2. The Bridge, D. Keith Mano (1973) (MY REVIEW)
(Uncredited cover for the 1974 edition — reminds me of Jerome Podwil)
From the back cover: “The time is the near future. Humanity has lost its will to live. Everywhere the primeval nature is reclaiming the earth from the species that has for so long dominated it. The government itself has abandoned the struggle and has even decreed the suicide of civilization. And in this nightmare world, only one man — Dominick Priest, a maverick revel — can reverse the fearful tide that is sweeping all humanity to oblivion…”
3. Beneath the Shattered Moons (variant title: And Strange at Ecbatan the Trees), Michael Bishop (1976) (MY REVIEW)
(H. R. Van Dongen’s cover for the 1977 edition)
From the inside cover: “Twelve thousand years in the future, on the island of Ongladred, mankind has survived two enigmatic, civilization-destroying setbacks. Now a third holocaust is anticipated. The people fear destruction from invading barbarians, the reappearance of a semi-mythical sea creature, and the devious intervention of the neo-human Parfects. This imminent disaster is very much the concern of Ingram Marley, a government spy sent to keep surveillance over Stonelore, a secluded haven and center of free thought on Ongladred, and Gabriel Elk, Stonelore’s resident genius. While panic and fear rage outside, deep inside Stonelore the mysteries of life are pursued — reanimation of the dead, the invention of powerful laser weapons, and the secrets of “old earth” knowledge. Amidst harrowing dangers of sea battles and land invasions, Michael Bishop explores the transformation of Ingram Marley, a man caught in the middle”

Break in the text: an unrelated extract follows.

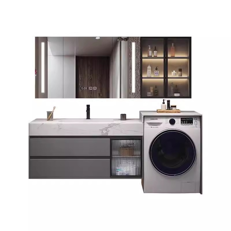 【定制】轻奢洗衣机柜岩板无缝陶瓷一体盆卫生间洗脸洗手盆柜组合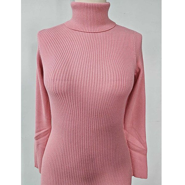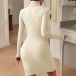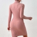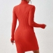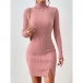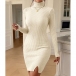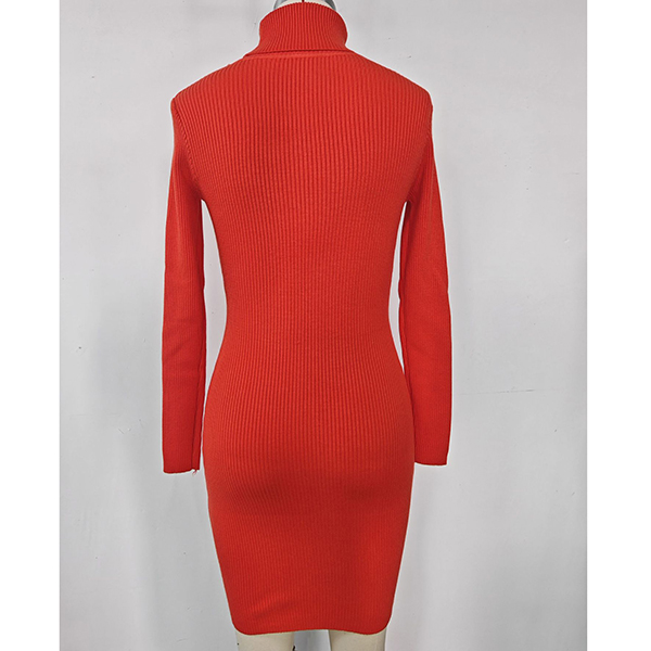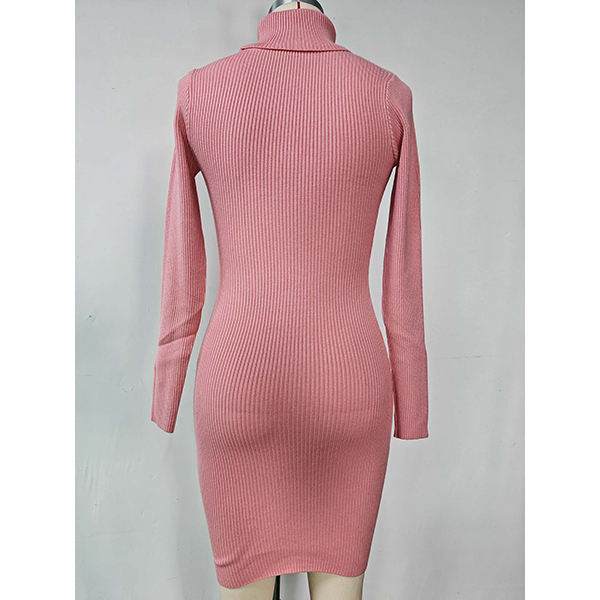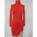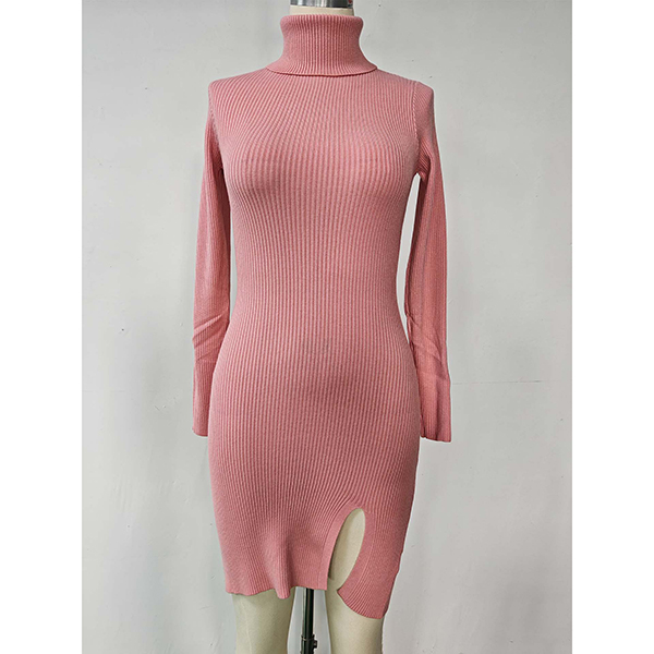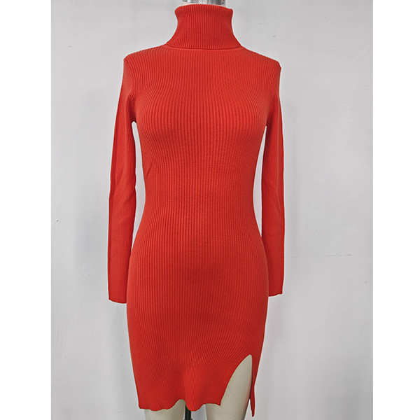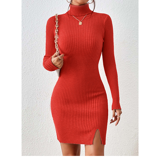 Fashion Solid Color Turtleneck Long Sleeve Side Slit Ribbed Dress

4. Pig World, Charles W. Runyon (1971)
(Uncredited cover for the 1973 edition)
From the back cover: “The Mind Slayer. He betrayed the revolution of the late 1970’s, despoiled its ideals, and used the most advanced technology to bring millions of minds under his absolute control. Ross. The world’s future depended on him, but the task was impossible — to regain control of the revolution, to defeat the most powerful dictator the world had ever known, and to destroy the Pig Wold.”